In plants, the biosynthesis of proline can occur via glutamate or ornithine pathway. Glutamate is the primary precursor for proline synthesis in osmotically stressed out and nitrogen deficient cells, while at higher levels of available nitrogen, the ornithine pathway is followed (Delauney et al. 1993). Biosynthetic pathway from glutamate to proline involves two important enzymes l-Δ1-pyrroline-5-carboxylate synthetase (P5CS, EC 2.7.2.11) and l-Δ1-pyrroline-5-carboxylate reductase (P5CR, EC 1.5.1.2). First glutamate is converted to glutamic-γ-semialdehyde (GSA) and L-Δ1-pyrroline-5-carboxylate (P5C) by the action of P5CS, and then P5CR catalyzes the conversion of P5C to l-proline (Fig. 9.3). The level of proline in plants is controlled by degradation or metabolism of proline, where ProDH (proline dehydrogenase, EC 1.5.1.12) oxidizes proline to P5C in plant mitochondria and finally P5C dehydrogenase (P5CD, EC 1.5.1.12) converts P5C to l-glutamate (Boggess and Koeppe 1978; Elthon and Stewart 1981). In normal conditions, this oxidation pathway is followed whereas, under salt and water stress such proline degradation pathway is inhibited, as a result proline level increases (Delauney and Verma 1993; Peng et al. 1996).

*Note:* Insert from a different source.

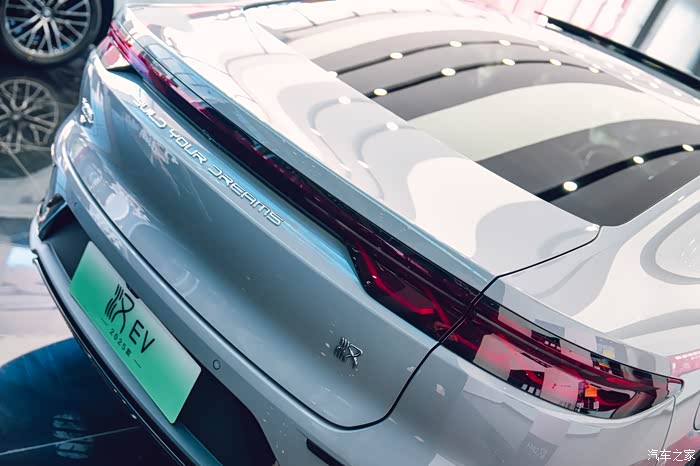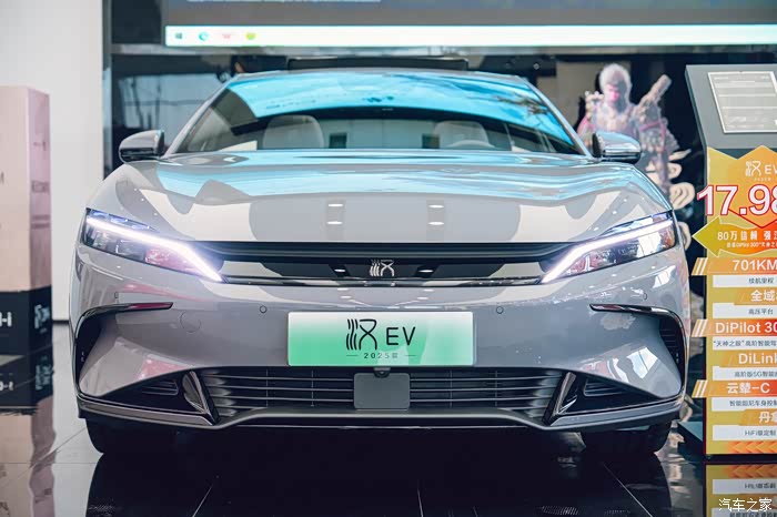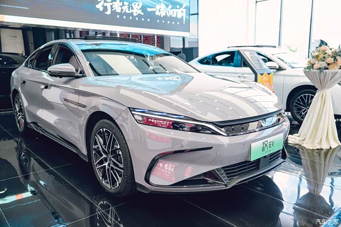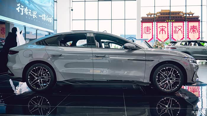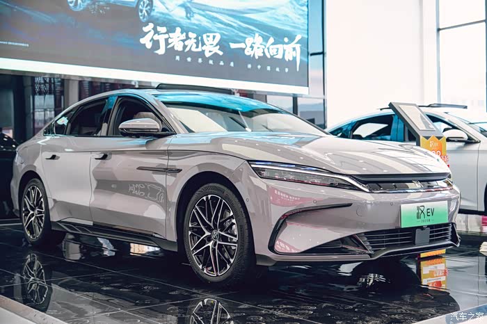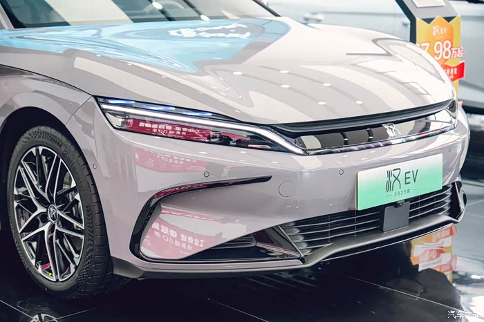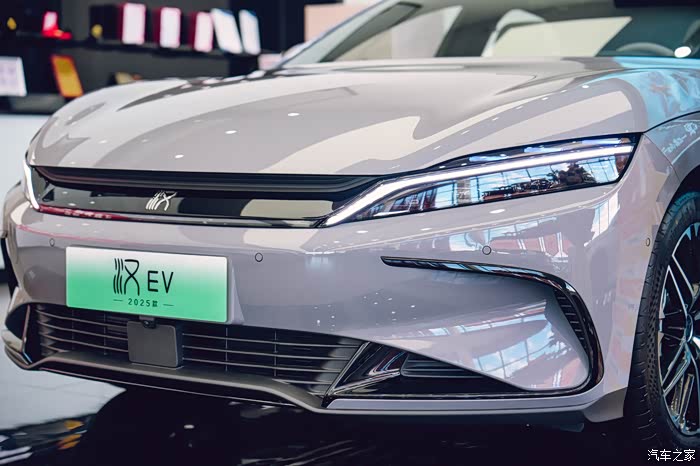 那我们还是先从外观说起,咱这 2025 款汉 EV 一眼看过去,还是熟悉的家族味道。但是,又有不少让人惊喜的小变化。那个新增的这个“未央灰”配色简直绝了,在灯光下显得特有质感,高级感一下子就上来了,感觉更加沉稳大气。

Increased cellular proline content is reported to stabilize protein structure and protect cellular functions possibly by scavenging ROS under osmotic stress. Proline may also serve as a source of organic nitrogen, carbon, and energy during recovery from stress (Tyagi and Sairam 2004). This molecule is also involved in maintaining osmotic balance in the cell under dehydration conditions (Singh et al. 1972; Wyn Jones and Storeys 1978). During stress, higher proline content helps in maintaining the NADP+/NADPH ratio in the cell (Hare and Cress 1997). In E. coli, proline has been shown to be a potent osmoprotectant as proline over-producing mutant of E. coli was found to possess increased osmotolerance and enhanced stability of proteins and membranes in low water and high temperature conditions (Csonka et al. 1988).

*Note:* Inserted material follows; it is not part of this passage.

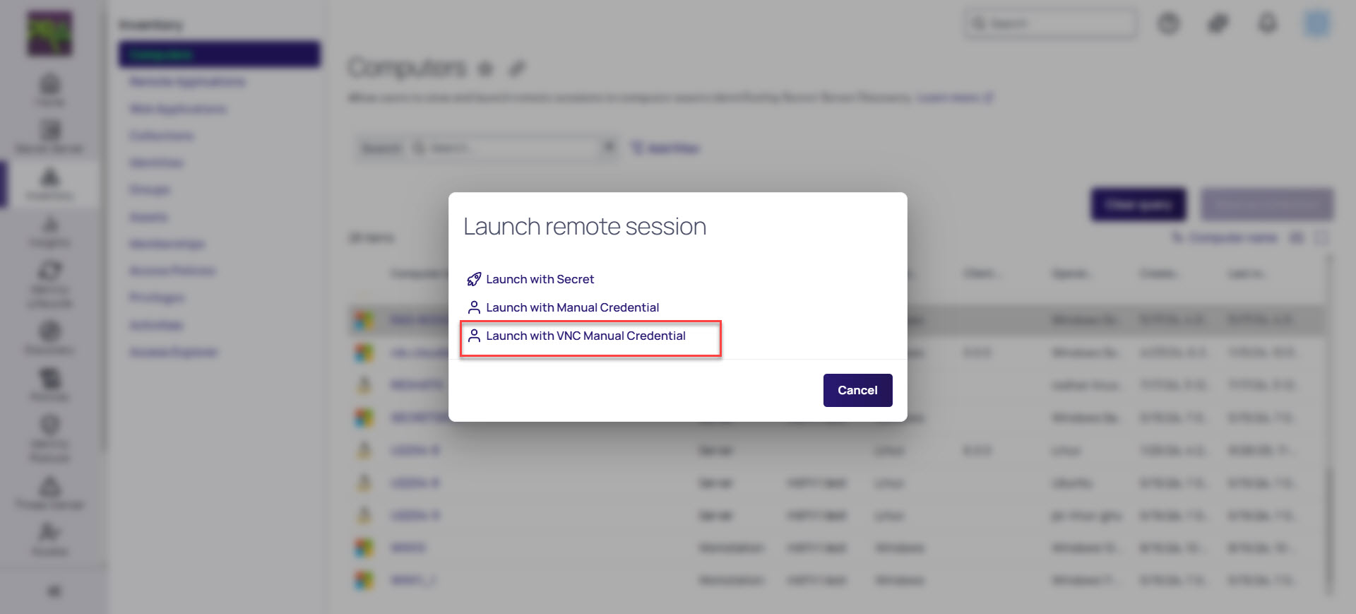At this time, all Inventory computer assets will have a Launch with VNC, regardless of whether the asset is running a VNC host service or not. Launching a VNC connection to an asset that does not have a VNC host service will fail.

Transgenic plants or mutants raised in several studies demonstrate metabolism and accumulation of proline and its importance for development and survival of plants in various adverse environmental conditions (Hong et al. 2000; Mattioli et al. 2008; Szekely et al. 2008). Over expression of moth bean P5CS in rice, wheat and in carrot cell lines conferred enhanced tolerance to salt stress (Zhu et al. 1998; Sawahel and Hassan 2002; Han and Hwang 2003). Various studies revealed upregulation of P5CS in Oryza sativa and Arabidopsis thaliana exposed to salt, dehydration, and ABA (Yoshiba et al. 1995; Igarashi et al. 1997). Tolerance to freezing and high salinity was established in antisense transgenic Arabidopsis plants carrying AtProDH encoding proline dehydrogenase, resulting in higher proline accumulation (Nanjo et al. 1999).

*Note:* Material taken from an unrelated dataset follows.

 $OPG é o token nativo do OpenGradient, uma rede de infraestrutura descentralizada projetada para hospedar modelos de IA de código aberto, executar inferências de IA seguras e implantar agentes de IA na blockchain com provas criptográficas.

Studies have shown that P5CS is feedback inhibited by proline (Hu et al. 1992). A correlation between induction of P5CS gene and accumulation of proline has been found in Arabidopsis thaliana under abiotic stress (Savouré et al. 1995), but this feed back regulation of P5CS is relieved in plants under stress conditions, so as to accumulate more proline for combating disturbance in osmotic balance. In a study of transgenic tobacco plants, over expressing wild-type P5CS from Vigna aconitifolia and P5CSF1298 (a mutated P5CS, where feedback inhibition was removed through site directed mutagenesis) were used to compare proline level. Tobacco plant over expressing mutated P5CS accumulated almost twofold more proline than that of transgenic plants expressing wild-type P5CS (Kishor et al. 1995; Verma 1999).
2.4 Polyamines
Polyamines are small organic compounds with two or more primary amino groups, found in all eukaryotic cells. Putrescine (Put, a diamine), spermidine (Spd, a triamine), and spermine (Spm, a tetramine) are the major polyamines found in plants involved in various processes such as cell proliferation, growth, morphogenesis, differentiation, and programmed cell death (Yamaguchi et al. 2007; Alcázar et al. 2010a). In addition, several uncommon polyamines such as homospermidine, 1,3-diaminopropane, cadaverine, and canavalamine have been reported across the kingdoms of life (Minguet et al. 2008). Polyamines occur in free or conjugated forms either with phenolic compounds or macromolecules such as proteins and nucleic acids. Polycationic nature of polyamines at physiological pH is attributed for their biological activity (Gill and Tuteja 2010).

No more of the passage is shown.